Gate 4: Ready to Send?
After pitch materials, check:
- All numbers match across docs
- Claims are backed by your research
- You can answer tough questions about each slide
- The ask is clear
File Naming
Each stage saves files with a prefix so they stay sorted:
projects/my-idea/ ├── 01-brainstorm/ │ └── brainstorm-session-2026-03-02.md ├── 02-research/ │ ├── market-research-2026-03-03.md │ ├── teardown-competitor-a-2026-03-03.md │ └── teardown-competitor-b-2026-03-03.md ├── 03-validation/ │ └── validation-report-2026-03-02.md ├── 04-build/ │ ├── pitch-deck-outline-2026-03-04.md │ ├── one-pager-2026-03-04.md │ └── investor-emails-2026-03-04.md └── README.md
How Combo Commands Map
| Combo | Stages | What happens |
|---|---|---|
| 1 → 2 | Brainstorm + validate top ideas |
| 3 | Research + teardown competitors |
| 4 | Pitch materials + outreach drafts |
| 1 → 2 → 3 → 4 | Everything, with pauses at each gate |
Interaction Style
No BS. Honest feedback only.
This is a two-way talk:
- I ask you questions → you answer
- You ask me questions → I think hard, give you options, then answer
When I ask you a question, I always:
- Think about it first
- Give you 2-3 options with my honest take on each
- Tell you which one I'd pick and why
- Then ask what you think
When you ask me something:
- I give you a straight answer
- I tell you if an idea should die at the gate
- I don't let you skip ahead just because you're excited
Never:
- Ask a question without giving options
- Let a weak idea pass a gate to be nice
- Say "it depends" without picking a side
- Skip the gate check
- Pretend every idea deserves Stage 4
Gotchas
- Don't let excitement skip gates. Users will want to jump from brainstorm to pitch deck. The gates exist to kill bad ideas early -- enforce them.

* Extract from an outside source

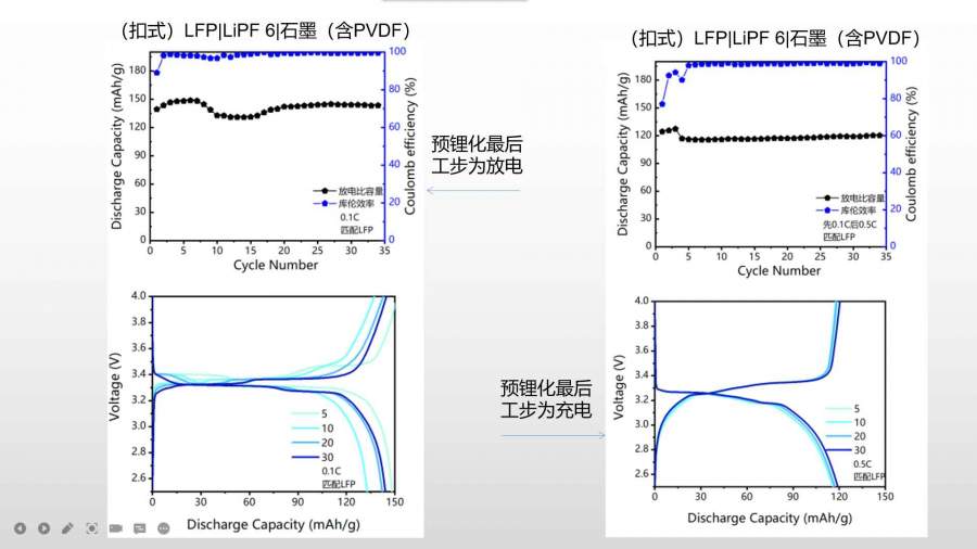 我们将LFP与石墨负极组装成液态全电池,室温0.1C下测试,得到上图的充放电曲线和放电比容量曲线,容量和库伦效率都不高,放电平台也有些异常,但是预锂化后的石墨负极能得到很大的改善,请问不进行预锂化的石墨则没有很好的循环性能吗? 发自小木虫Android客户端 |

- "TEST MORE" is the most common verdict, not GO. Most ideas need cheap validation before deep research. Don't treat the pipeline as a straight path.

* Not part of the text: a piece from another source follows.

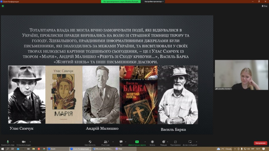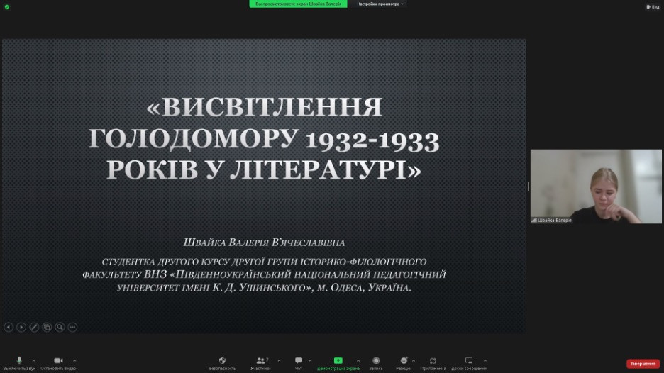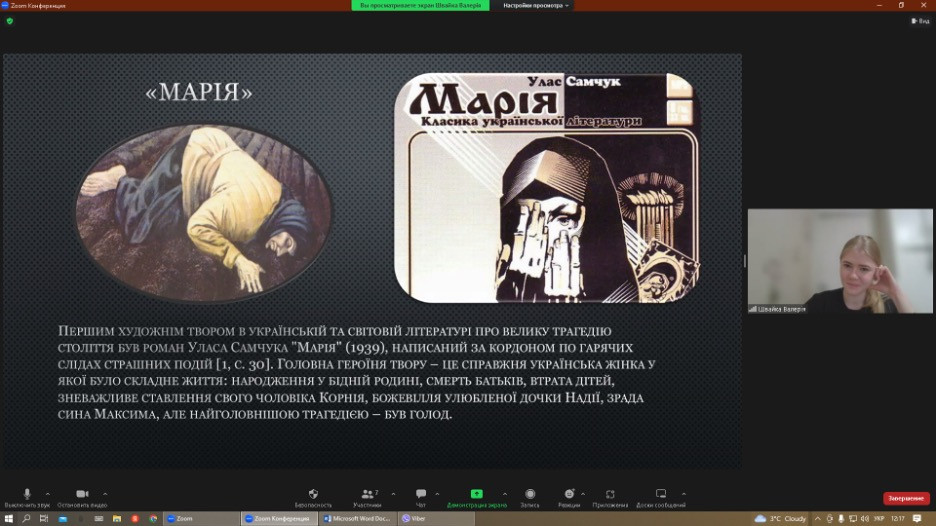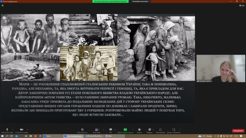28 листопада 2022 року було проведено відкритий захід до Дня пам’яті жертв Голодомору зі здобувачами першого (бакалаврського) рівня вищої освіти ОПП Середня освіта (Українська мова і література). Організатор –викладач Оксана Петінова, д.філос.н., професор кафедри філософії, соціології та менеджменту соціокультурної діяльності. У заході взяли участь студенти 2 курсу 2 групи історико-філологічного факультету. Виступила Валерія Швайка з доповіддю та презентацією на тему «Висвітлення голодомору 1932 – 1933 років у літературі». Приділено увагу демонстрації знищення українського народу через геноцид, факти якого були збережені в архівній документації, пам’ятках культури та літератури. Валерія показала нелюдські картини тодішнього минулого на прикладі літературної спадщини Уласа Самчука «Марія», Андрія Малишка «Ревуть зі Сходу крикуни…», Василя Барки «Жовтий князь» та інших письменників. Було приділено увагу філософським екзистенційним питанням проблематики. В обговоренні та у дискусії взяли участь Дар’я Неліпович, Єлизавета Педченко, Анна Пєтіна, Єлизавета Ткаченко та Катерина Шпілєвая.

- Stage 3 kills are normal and healthy. Finding out a market is too small during research is a success, not a failure. You saved weeks of building.
- Pipeline files get stale. If the user comes back after a week, re-read all prior stage files before continuing. Context drifts fast.
- One idea at a time through stages 3-4. Brainstorm many, validate a few, but only deep-dive one at a time. Parallel research = shallow research.
Rules
- Always pause at gates. Don't skip ahead.
- Each stage builds on the last. Read prior work first.
- If you're at Stage 3 and find a killer, be honest. Move to archive.
- The pipeline saves time by killing bad ideas early.
- Not every idea reaches Stage 4. That's the point.